= Taint checking =

Computer language security feature

Taint checking is a feature in some computer programming languages, such as Perl, Ruby or Ballerina designed to increase security by preventing malicious users from executing commands on a host computer. Taint checks highlight specific security risks primarily associated with web sites which are attacked using techniques such as SQL injection or buffer overflow attack approaches.

==Overview==
The concept behind taint checking is that any variable that can be modified by an outside user (for example a variable set by a field in a web form) poses a potential security risk. If that variable is used in an expression that sets a second variable, that second variable is now also suspicious. The taint checking tool can then proceed variable by variable forming a list of variables which are potentially influenced by outside input. If any of these variables is used to execute dangerous commands (such as direct commands to a SQL database or the host computer operating system), the taint checker warns that the program is using a potentially dangerous tainted variable.
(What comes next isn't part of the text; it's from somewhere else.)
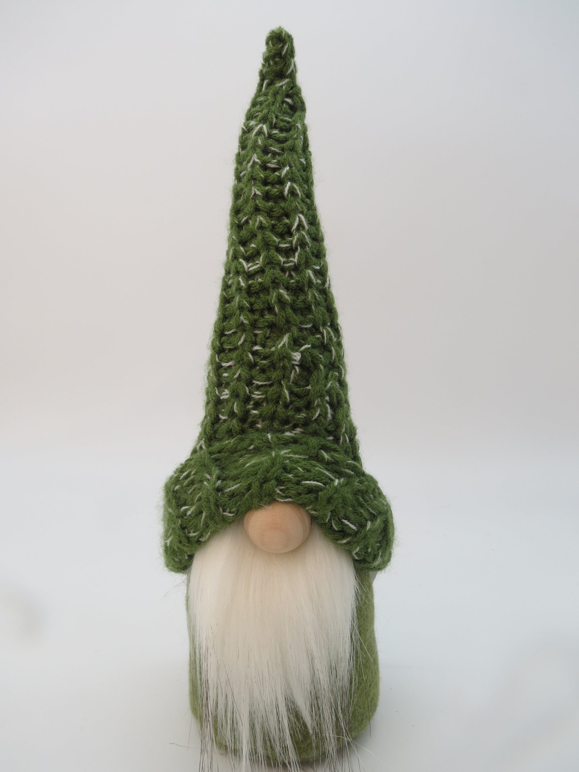 This 10" (25.4 cm) tall gnome has a green with white/black pattern knit hat, olive green felt body, and white faux fur beard with grey streaks and wooden nose.

The computer programmer can then redesign the program to erect a safe wall around the dangerous input.

Taint checking may be viewed as a conservative approximation of the full verification of non-interference or the more general concept of secure information flow. Because information flow in a system cannot be verified by examining a single execution trace of that system, the results of taint analysis will necessarily reflect approximate information regarding the information flow characteristics of the system to which it is applied.

== Example ==

The following dangerous Perl code opens a large SQL injection vulnerability by not checking the value of the $name variable:

1. !/usr/bin/env perl
my $name = $cgi->param("name"); # Get the name from the browser
...
$dbh->{TaintIn} = 1;
$dbh->execute("SELECT * FROM users WHERE name = '$name';"); # Execute an SQL query

If taint checking is turned on, Perl would refuse to run the command and exit with an error message, because a tainted variable is being used in a SQL query. Without taint checking, a user could enter foo'; DROP TABLE users --, thereby running a command that deletes the entire database table. Much safer would be to encode the tainted value of $name to a SQL string literal and use the result in the SQL query, guaranteeing that no dangerous command embedded in $name will be evaluated. Another way to achieve that is to use a prepared statement to sanitize all variable input for a query.
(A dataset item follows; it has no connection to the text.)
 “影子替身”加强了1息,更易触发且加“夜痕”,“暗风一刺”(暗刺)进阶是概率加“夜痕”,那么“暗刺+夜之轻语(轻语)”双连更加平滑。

One thing to note is that Perl DBI requires one to set the TaintIn attribute of a database handle as well as enabling taint mode to check one's SQL strings.

==History==
Perl supported tainting in setuid scripts from at least version 3.0 (released in 1989), though it was not until version 5.0 (released in 1994) that the -T switch was introduced integrating tainting into a single runtime.

In 1996, Netscape implemented data tainting for JavaScript in Netscape Navigator 3. However, since support was considered experimental, it shipped disabled (requiring user intervention to activate) and required page authors to modify scripts to benefit from it. Other browser vendors never implemented the functionality.